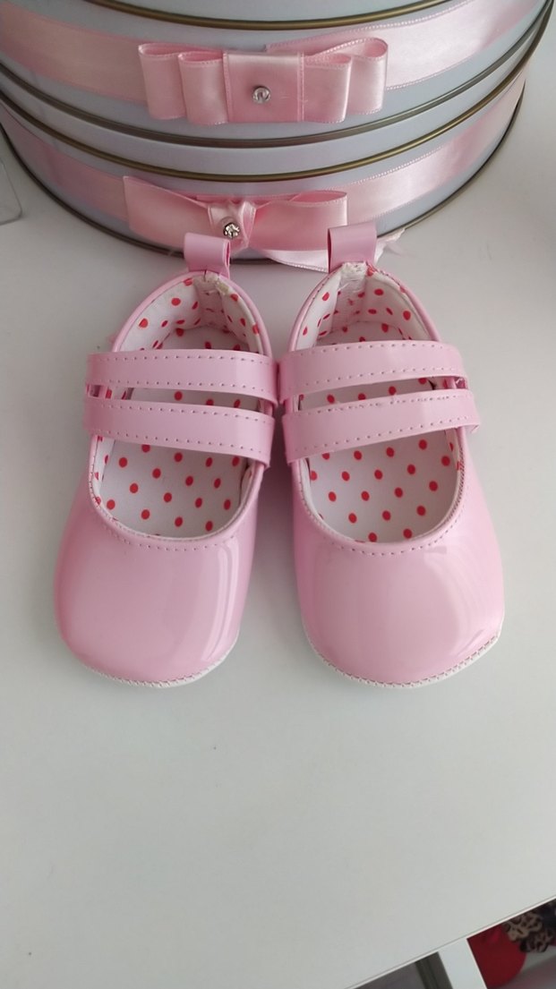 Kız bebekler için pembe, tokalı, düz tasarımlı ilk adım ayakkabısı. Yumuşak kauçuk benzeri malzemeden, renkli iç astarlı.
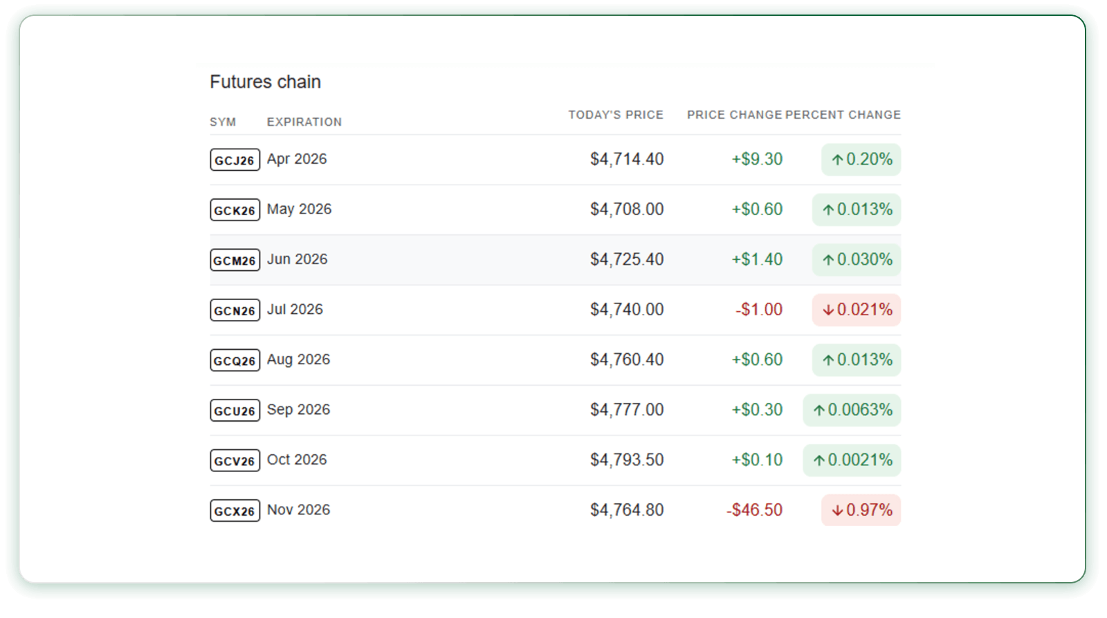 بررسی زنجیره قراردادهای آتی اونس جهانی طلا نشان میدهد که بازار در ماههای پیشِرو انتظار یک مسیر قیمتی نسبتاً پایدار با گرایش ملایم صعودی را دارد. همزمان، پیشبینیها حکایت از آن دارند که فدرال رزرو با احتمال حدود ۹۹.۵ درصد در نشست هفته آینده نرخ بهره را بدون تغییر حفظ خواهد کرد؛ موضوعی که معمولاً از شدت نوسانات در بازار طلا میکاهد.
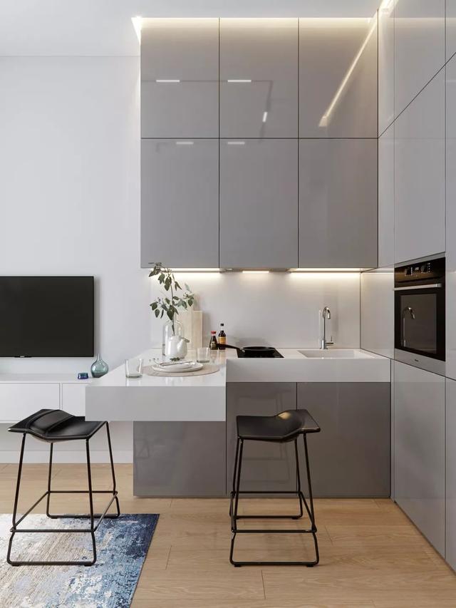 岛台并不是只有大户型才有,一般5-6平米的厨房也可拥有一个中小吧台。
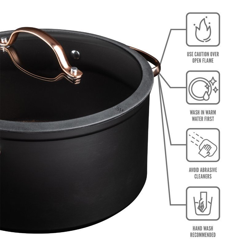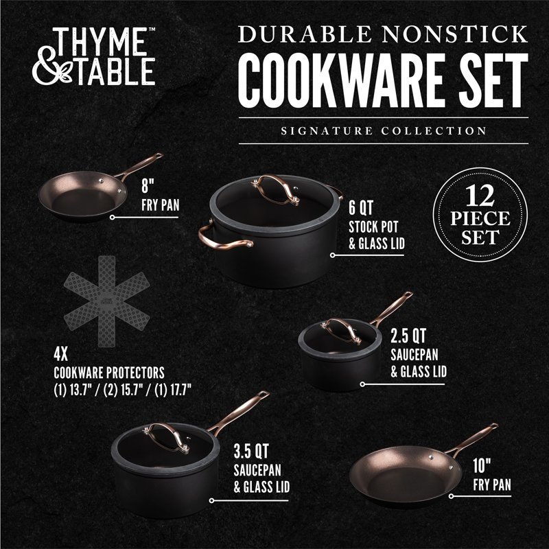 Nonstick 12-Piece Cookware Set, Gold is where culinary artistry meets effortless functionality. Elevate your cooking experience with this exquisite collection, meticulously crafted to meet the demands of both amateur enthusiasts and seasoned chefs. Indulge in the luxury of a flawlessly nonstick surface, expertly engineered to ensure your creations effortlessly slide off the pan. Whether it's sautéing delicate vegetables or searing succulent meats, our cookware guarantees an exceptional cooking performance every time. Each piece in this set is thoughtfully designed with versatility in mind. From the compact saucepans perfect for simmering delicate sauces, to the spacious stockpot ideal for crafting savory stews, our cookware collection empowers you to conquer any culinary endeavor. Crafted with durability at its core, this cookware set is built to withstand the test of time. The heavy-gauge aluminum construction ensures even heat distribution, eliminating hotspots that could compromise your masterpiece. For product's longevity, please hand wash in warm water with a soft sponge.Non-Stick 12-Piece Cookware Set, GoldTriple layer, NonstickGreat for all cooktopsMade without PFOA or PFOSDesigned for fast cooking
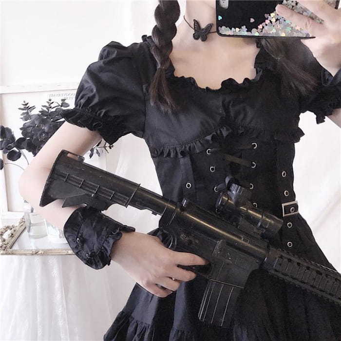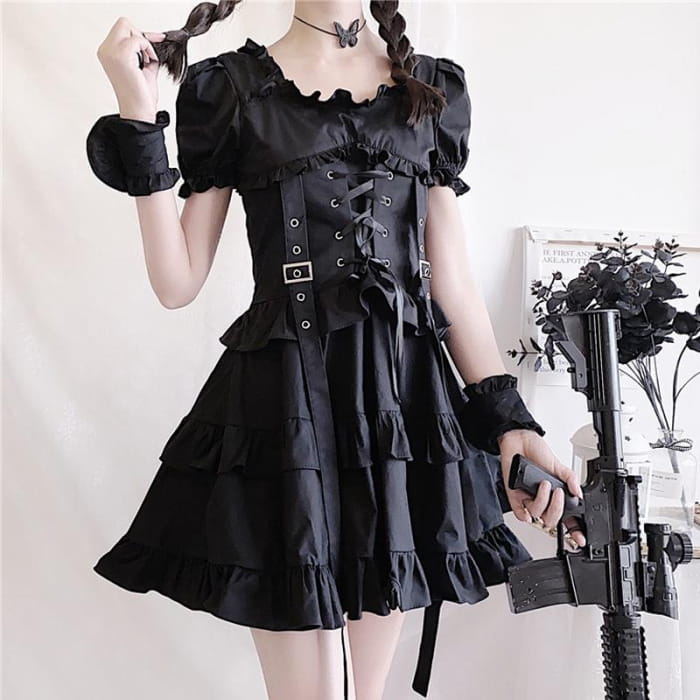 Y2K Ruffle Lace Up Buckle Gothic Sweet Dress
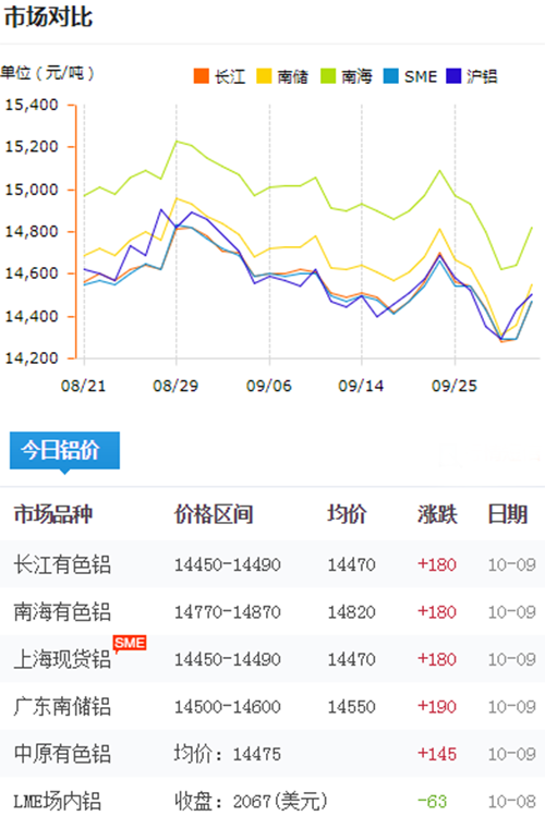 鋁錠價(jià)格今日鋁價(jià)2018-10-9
---
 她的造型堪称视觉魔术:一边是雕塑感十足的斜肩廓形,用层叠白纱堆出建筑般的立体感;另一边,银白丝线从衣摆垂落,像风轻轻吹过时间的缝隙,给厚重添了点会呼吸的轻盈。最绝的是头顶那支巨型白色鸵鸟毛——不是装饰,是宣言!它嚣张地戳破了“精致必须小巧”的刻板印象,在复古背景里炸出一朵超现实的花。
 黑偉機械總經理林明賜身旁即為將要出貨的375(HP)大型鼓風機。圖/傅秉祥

WORK REQUIRED
In the data above, take the line with "Y2K Ruffle Lace Up Buckle Gothic Sweet Dress", the line with "鋁錠價(jià)格今日鋁價(jià)2018-10-9", and every line between, and set them down exactly without pictures.

EXERCISE RESPONSE
 Y2K Ruffle Lace Up Buckle Gothic Sweet Dress
 鋁錠價(jià)格今日鋁價(jià)2018-10-9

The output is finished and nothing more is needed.